Home Depot’s profits are on the rise, after the company fired up its low-wage turnover meat to come out of hiding and help those intent on spending money. On the surface, it’s a new day and a new fiscal quarter for the home improvement giant. But the company’s government-like “Customers First Initiative,” the sensitivity training at the center of a renewed interest in customer satisfaction, is a both a clever exploitation of all things superhighway and a shotgun wedding for employees and customers.
Having coddled the big spenders and contractors of a bygone building boom, Home Depot has now begun to capitalize on the socioeconomic similarities between its employees and its more typical patrons. Its new Customers First Initiative is a product of regime change at the company and includes action items like “Power Hours,” where employees drop what they’re doing and seek out wanderers who may need help.
What it’s ok to drop in favor of customer service isn’t clear – nor is it clear what HD is doing to better prepare its employees to help – but the point of Customers First seems to be less, “Clean up on Aisle 9” and more, “What can I help you find?”
Employees have been newly trained to eyeball the contents of shopping carts, looking for missing items or something they might suggest to complete a project. Sounds good, eh? More listening, less vanishing; more trooper, less stupor. Many people, myself included, enter a big box store like Home Depot only to discover the limits of their engineering or design skills. For a company seeking to improve customer satisfaction and retention against competitors like Ace Hardware – already known for its attentive employees – any improvement is a good one.

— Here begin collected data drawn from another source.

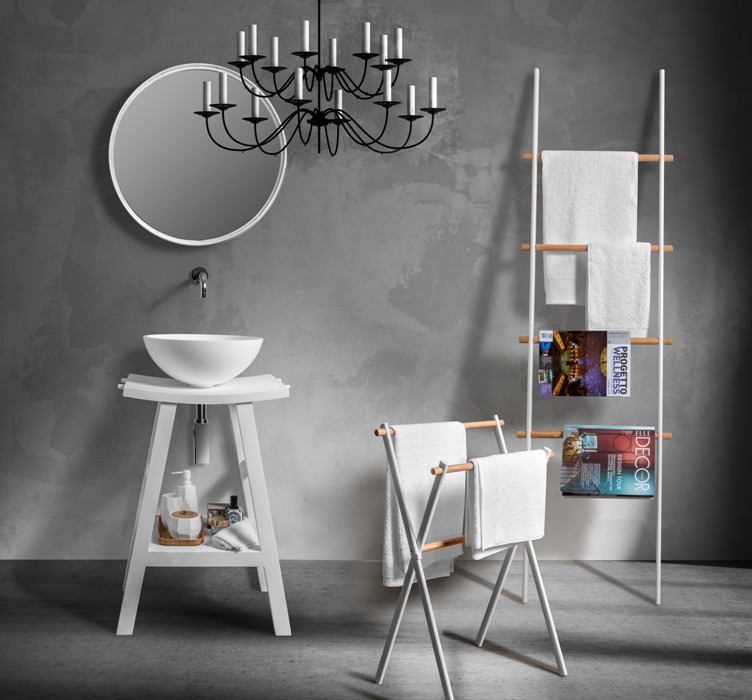 בין הפריטים ניתן למצוא: סל כביסה, מתלה למגבות, קונזולה לכיור מונח, שידות, מדפי אמבטיה מעוצבים ועוד .
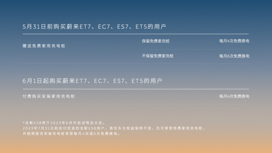 - 今年 4 月,蔚来对新购车用户换电权益调整,家充桩从免费改为付费,每月免费换电次数改为 4 次;
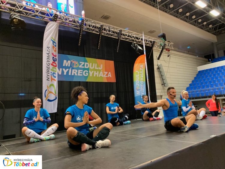 Katus Attila edzése előtt egy GymStick tréningen vehettek részt a nyíregyháziak, majd a sztáredző alaposan megdolgoztatta az izmokat. A végén a Fatum -Nyíregyháza játékosai is beálltak, és együtt nyújtottak a többiekkel.
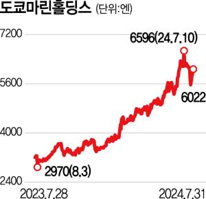도쿄마린홀딩스의 지난해 연간 순이익은 그 전년 동기 대비 85.7% 오른 6958억 엔으로 집계되며 시장 기대치를 넘어섰다. 올해 연간 순이익 추정치는 전년 대비 25% 증가한 8700억 엔으로 사상 최고치를 경신할 전망이다.
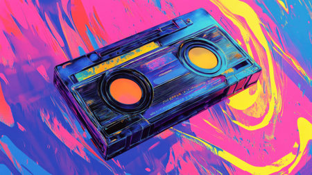 A vivid retro cassette tape featuring bold colors and dynamic abstract patterns, ideal for representing nostalgia, music culture, or vibrant artistic themes.
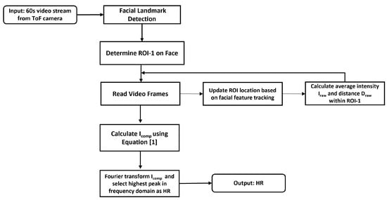 37]; (b) the intensity across pixels within ROI-1 is averaged; (c) within a time window, using the relationship described in Equation (
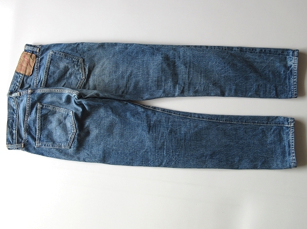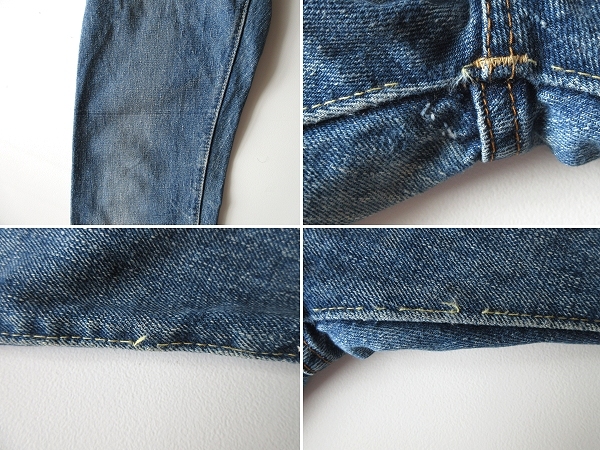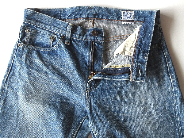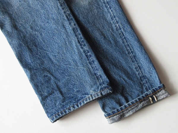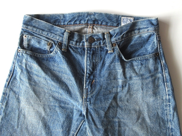 内股と左脚内側に細かなステッチ飛び・右脚に生地製造段階で出来た線状のアタリや織キズのようになった箇所が御座いますが(※画像参照)、着用に差し支えるようなダメージや目立った汚れは見受けられませんので、これからご使用して頂くのに十分良好な状態です。(※色落ちやアタリは加工によるものです。)
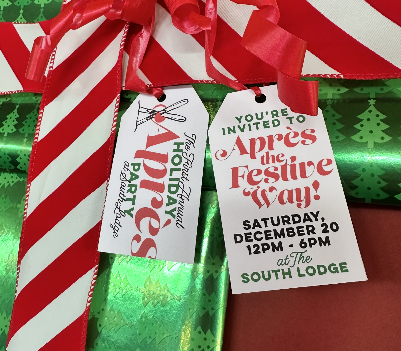 Let's après the festive way! We're kicking off our Holiday Hours with a decked out Holiday Party in the South Lodge on Saturday from 12pm - 6pm. Warm up with special cocktails, enjoy small bites, enjoy the outdoor fire pit, and surround yourself with holiday cheer.

But therein lies the rub. What’s been presented as a way to provide better service to customers masks the reality that the customers themselves are providing a service to Home Depot – and for free.
Customers by the millions practically rush the doors of Home Depot each morning with do-it-yourself ideas, some more realized than others. Each has an explanation to convey in pursuit of nuts, bolts, and fiberglass, and the communication of those needs can provide free on-the-job training for HD employees. So it turns out the Customers First Initiative’s big hook is a funny twist on Home Depot’s DIY roots: patrons’ projects and ideas have become the corporate payoff, and newly “helpful” employees a well-positioned army of company spies.
It used to be you’d go to Home Depot and maybe catch a carpentry lesson; now you’re giving the lessons. And should you falter in your explanation of why you need self-closing baffle hinges, the newly installed free Home Depot WiFi will fill in the details for your orange-aproned mentee. By the time he or she passes your civil engineering lecture, you’ll not only have created a friendly rapport, you’ll have become more valuable than the products you came in to buy. Home Depot corporate has just data-mined you.
And who decided to let them do that? I’m just saying it wasn’t you, the customer.